Cooling efficiency is a top priority for today’s data center operators. Increased data center densities enable operators to deliver more processing power in the same amount of space to meet the demands of cloud and hyper-scale environments. As more power is consumed per rack, however, heat becomes a big problem, and traditional computer room air conditioning (CRAC) units are unable to keep up.
Most modern data centers have adopted some sort of aisle-containment solution to minimize the mixing of hot and cold air. With cold-aisle containment, racks are positioned in rows with their fronts facing the aisle, which is enclosed to contain the cold intake air. Hot air from the rear of the equipment is exhausted into the room, which becomes a large hot-air plenum.
A hot-aisle containment system mirrors this approach – the rears of the racks face the aisle, which contains the hot air and exhausts it into a drop ceiling void, return system or computer room air handler (CRAH). Hot-aisle containment is more efficient than cold-aisle containment because it leverages the fact that hot air rises. It also creates a more comfortable environment for data center staff and non-racked equipment.
Either way, aisle containment makes it possible to set cooling systems to a higher temperature while still maintaining a safe operating temperature for the equipment. It also minimizes the risk of hot spots, and reduces the need for humidification and dehumidification. All of this reduces costs by reducing power consumption.

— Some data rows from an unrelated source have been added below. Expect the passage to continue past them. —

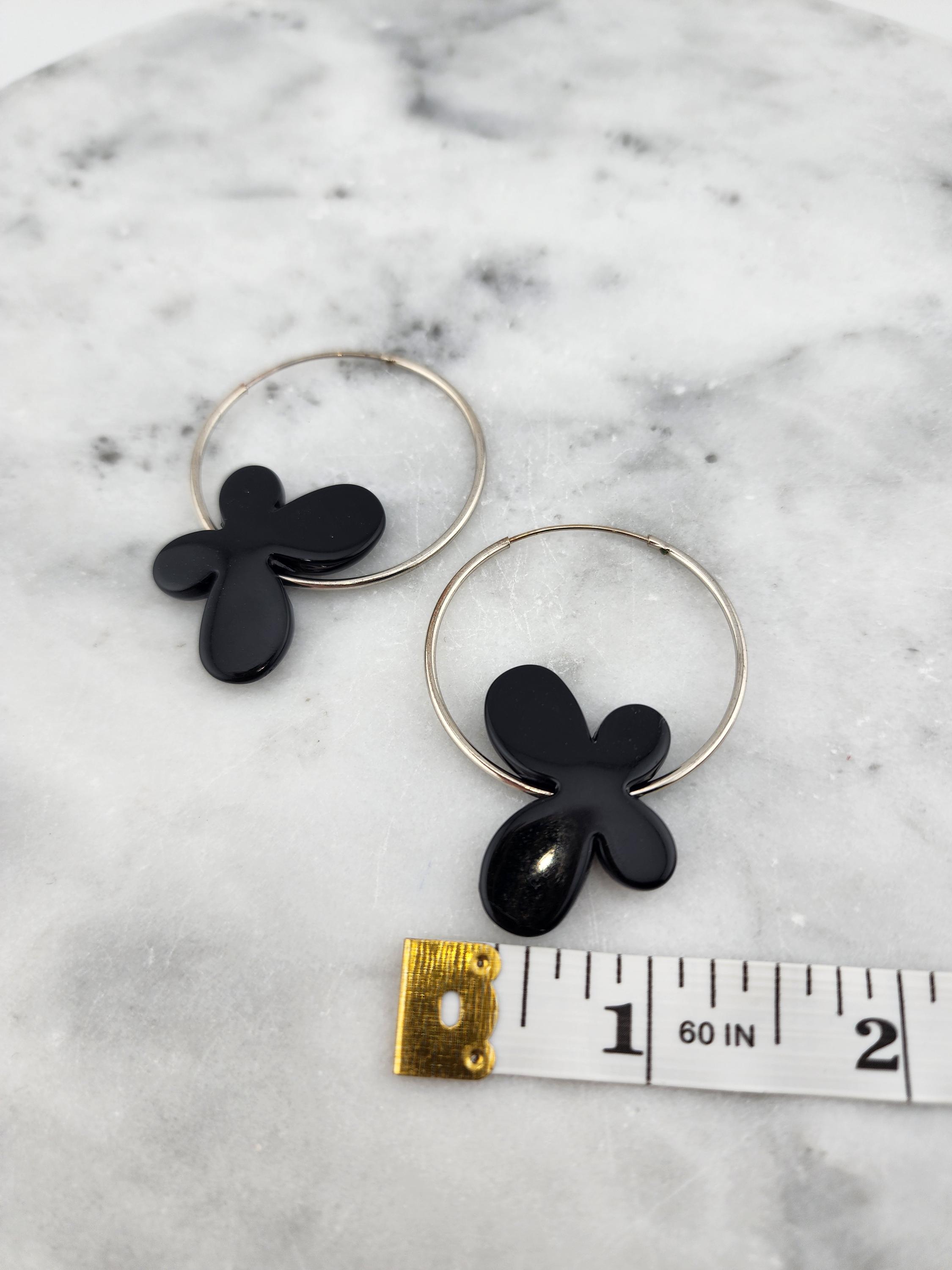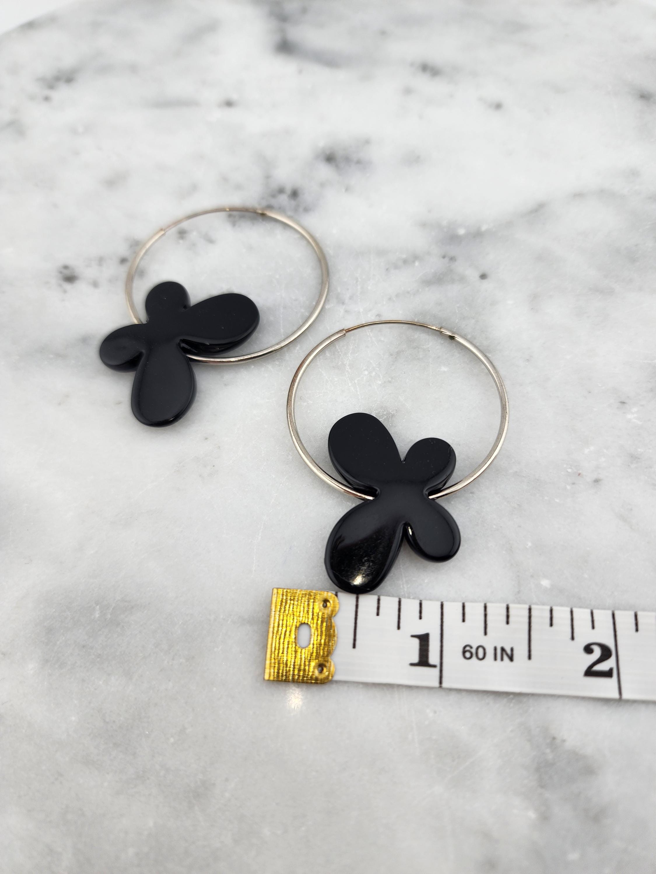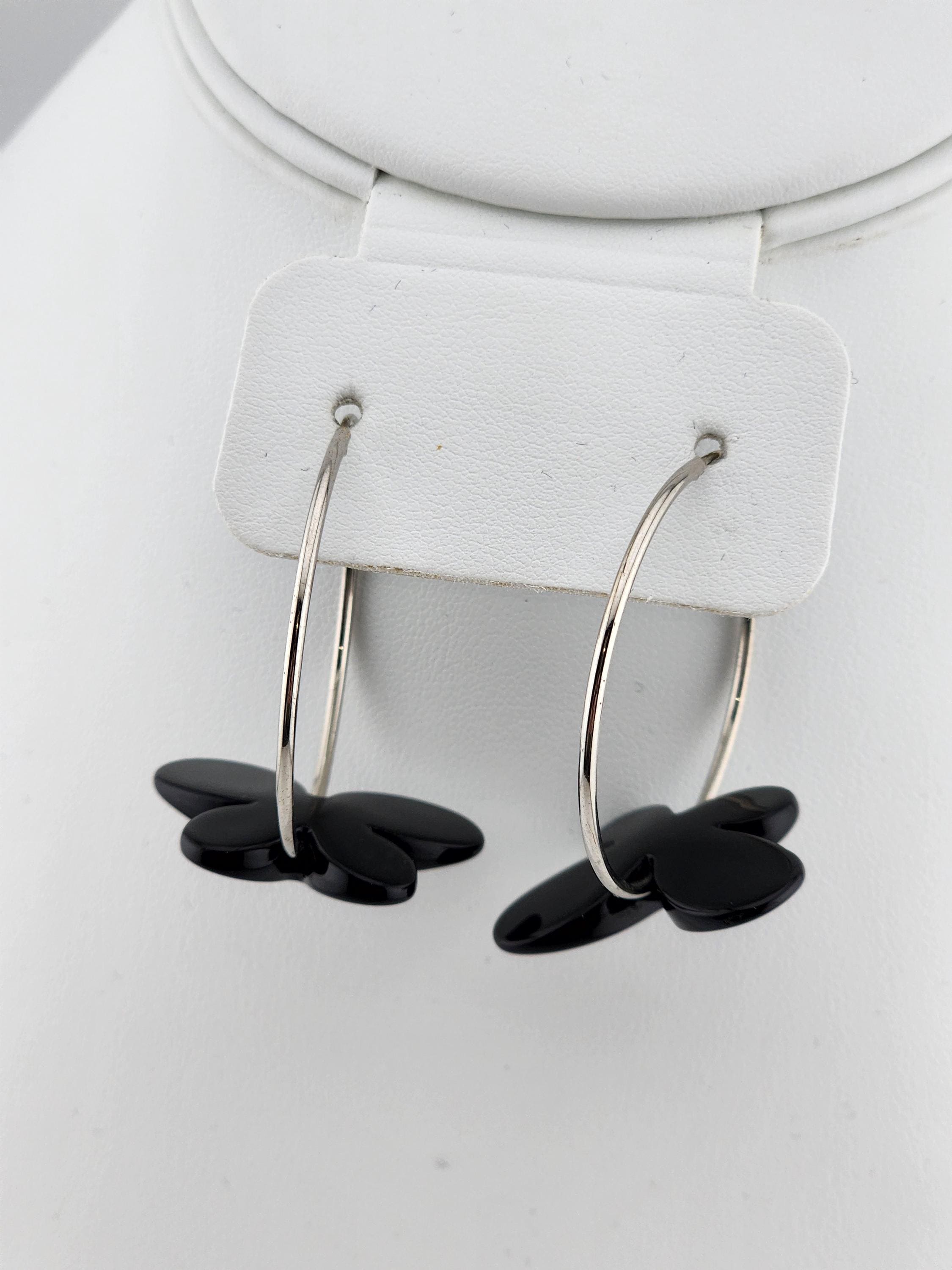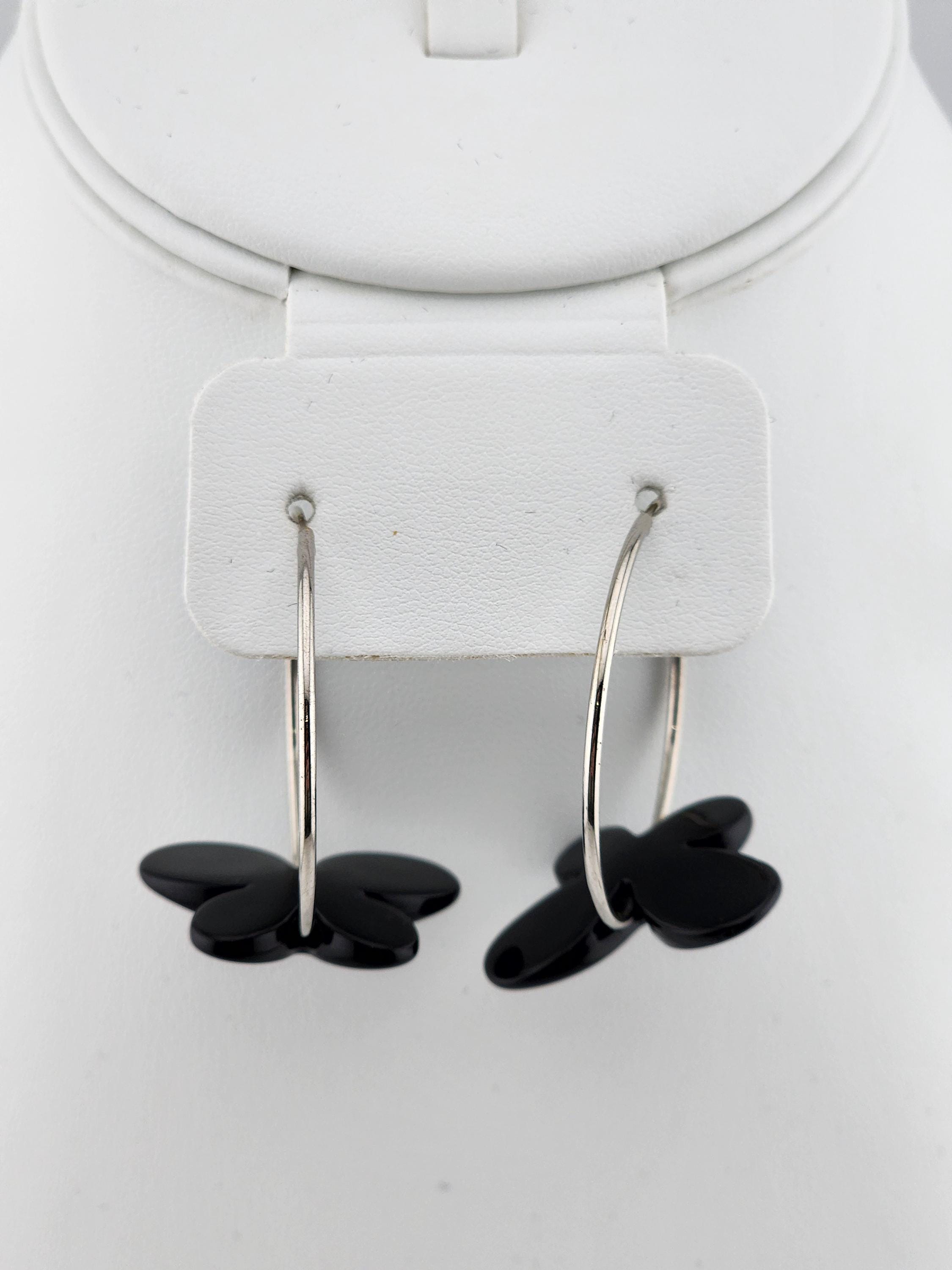 I made these earrings using medium sterling silver hoops and adding black flying spinning butterflies.
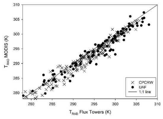 Comparison of MODIS TRAD estimates with flux tower TRAD observations yielded a RMSE and a MBE of 1.9 K and −1.3 K at the birch site, respectively, and a RMSE and a MBE of 2.2 K and −1.3 K, respectively, at the black spruce site (Figure 9), thus, underestimating ground estimates of TRAD. This resulted in an increased bias and error in LE and H estimation lowering the final agreement. Therefore, to avoid an increase in bias on TRAD, for circumpolar boreal regions an alternative time-differential TSEB technique using a dual-time difference (DTD model) in observed TRAD and air temperature [41,83] will be implemented adding the model modifications found in this paper.
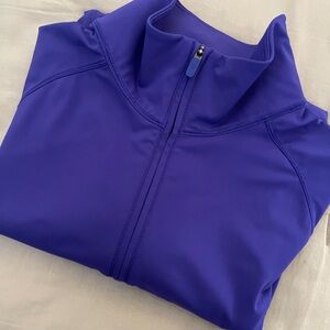 Almost new in great used condition - half zip -took many pics but does not capture the pop of color - its more purple color - back zip

However, aisle-containment with a CRAC unit is not as efficient as in-row cooling. As the name implies, in-row cooling places a cooling unit directly in the row of racks. The unit may be suspended from the ceiling, placed on top of a cabinet or mounted on the floor. Because the cooling unit is closer to the equipment, the cold air doesn’t have to travel as far and heat can be dissipated faster. In-row cooling can be used to supplement room cooling, or installed in a closed-loop arrangement with a cold-aisle containment enclosure.
In-row cooling units may use refrigerant or chilled water, and incorporate fans to distribute the cold air. State-of-the-art units have built-in intelligence, varying cooling capacity and fan speeds according to the load.
There are several obvious used cases for in-row cooling. It may be used for a lab environment within a data center, or to provide more efficient cooling for a customer in a co-location facility. In-row cooling is also ideal for extremely dense environments, particularly those that use power-hungry GPU clusters for machine learning and other artificial intelligence applications.
In-row cooling units should be designed to meet customer demand for higher capacity to address today’s heat loads. These units must fit comfortably in any data center environment for delivering maximum cooling capacity.